§ **WHAT THIS TASK INVOLVES**
Among the lines below, restate word for word only those from the line with "기왕이면 수중이라는 표현이" through the line with "Biznesmen wciskający ikony", with both end lines kept.

§ **GIVEN INFORMATION**
——

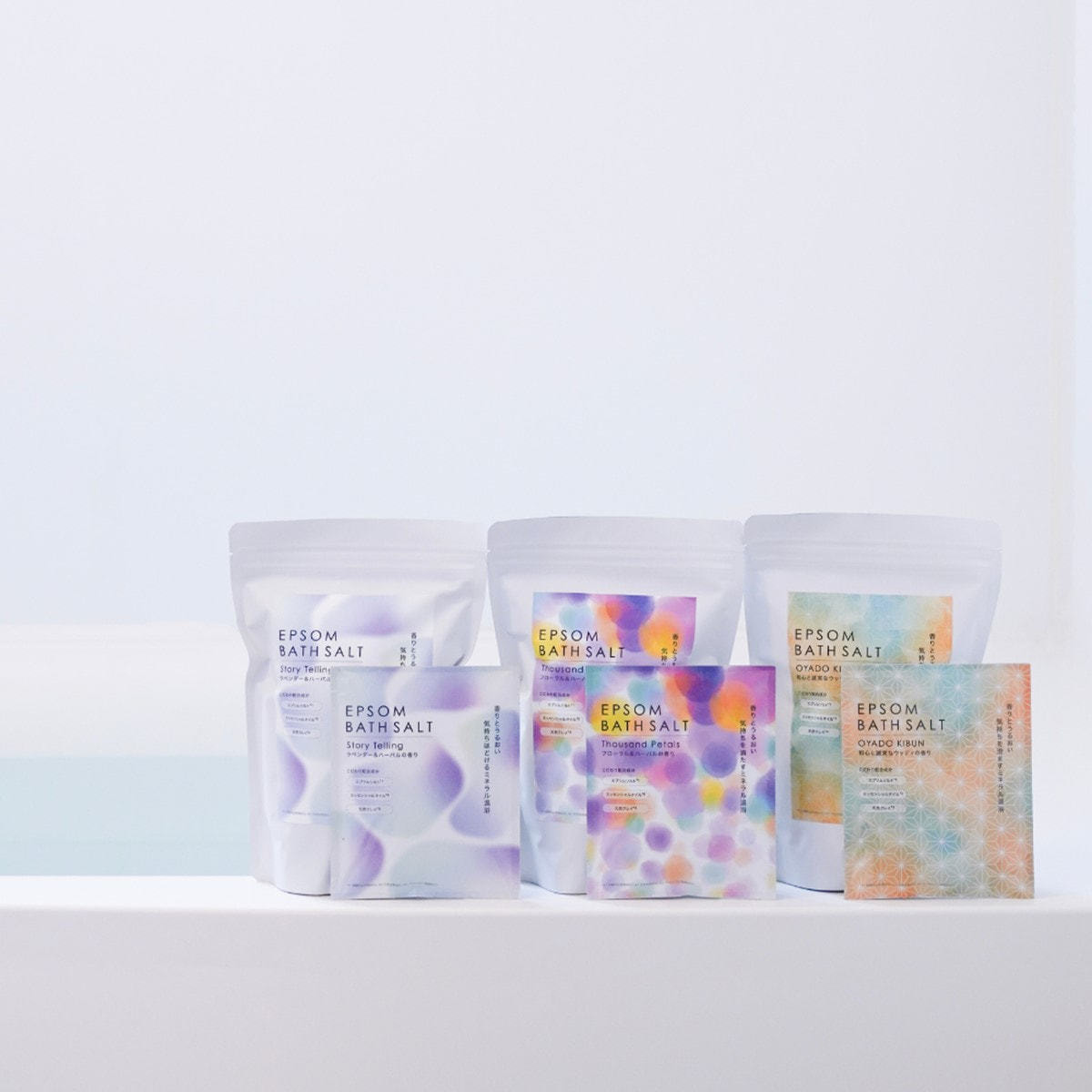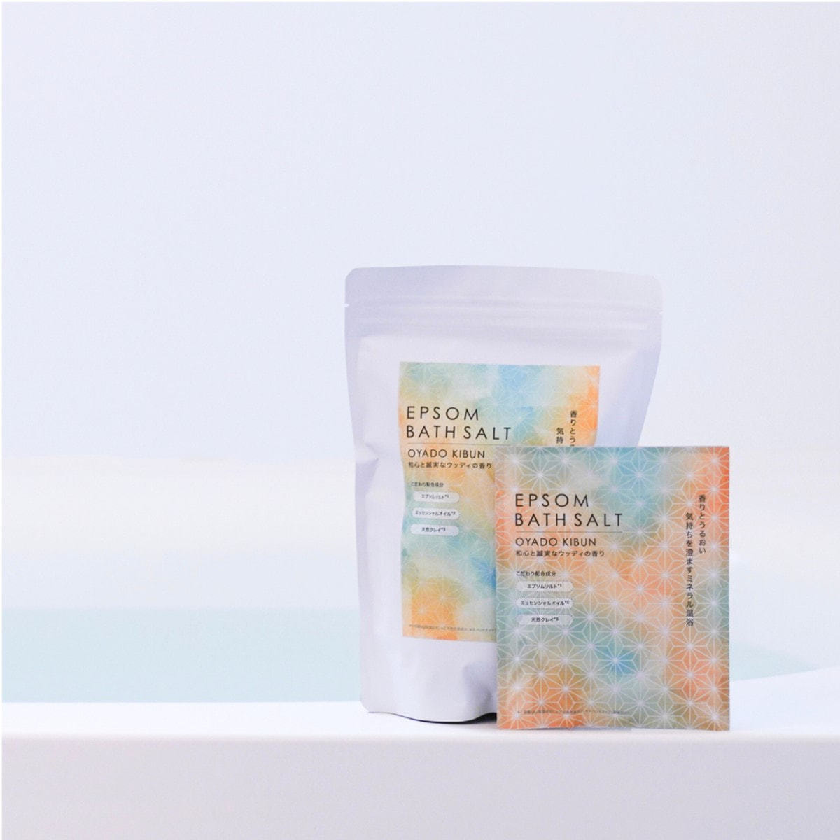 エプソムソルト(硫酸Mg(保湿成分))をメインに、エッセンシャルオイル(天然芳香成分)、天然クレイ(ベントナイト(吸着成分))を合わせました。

——

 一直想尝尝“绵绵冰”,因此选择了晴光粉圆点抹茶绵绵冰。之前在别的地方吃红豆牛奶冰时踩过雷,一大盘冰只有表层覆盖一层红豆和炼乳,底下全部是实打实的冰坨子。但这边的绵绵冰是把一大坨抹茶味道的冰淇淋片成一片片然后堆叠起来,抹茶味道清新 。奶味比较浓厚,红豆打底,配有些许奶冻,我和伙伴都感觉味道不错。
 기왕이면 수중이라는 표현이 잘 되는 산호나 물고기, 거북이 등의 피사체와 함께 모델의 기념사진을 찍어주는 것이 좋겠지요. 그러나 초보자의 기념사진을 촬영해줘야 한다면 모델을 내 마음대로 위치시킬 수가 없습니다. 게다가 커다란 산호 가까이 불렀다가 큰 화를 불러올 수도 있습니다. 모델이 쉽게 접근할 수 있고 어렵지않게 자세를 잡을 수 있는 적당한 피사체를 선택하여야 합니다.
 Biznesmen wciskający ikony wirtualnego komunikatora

——

§ **FINISHED EXERCISE**
 기왕이면 수중이라는 표현이 잘 되는 산호나 물고기, 거북이 등의 피사체와 함께 모델의 기념사진을 찍어주는 것이 좋겠지요. 그러나 초보자의 기념사진을 촬영해줘야 한다면 모델을 내 마음대로 위치시킬 수가 없습니다. 게다가 커다란 산호 가까이 불렀다가 큰 화를 불러올 수도 있습니다. 모델이 쉽게 접근할 수 있고 어렵지않게 자세를 잡을 수 있는 적당한 피사체를 선택하여야 합니다.
 Biznesmen wciskający ikony wirtualnego komunikatora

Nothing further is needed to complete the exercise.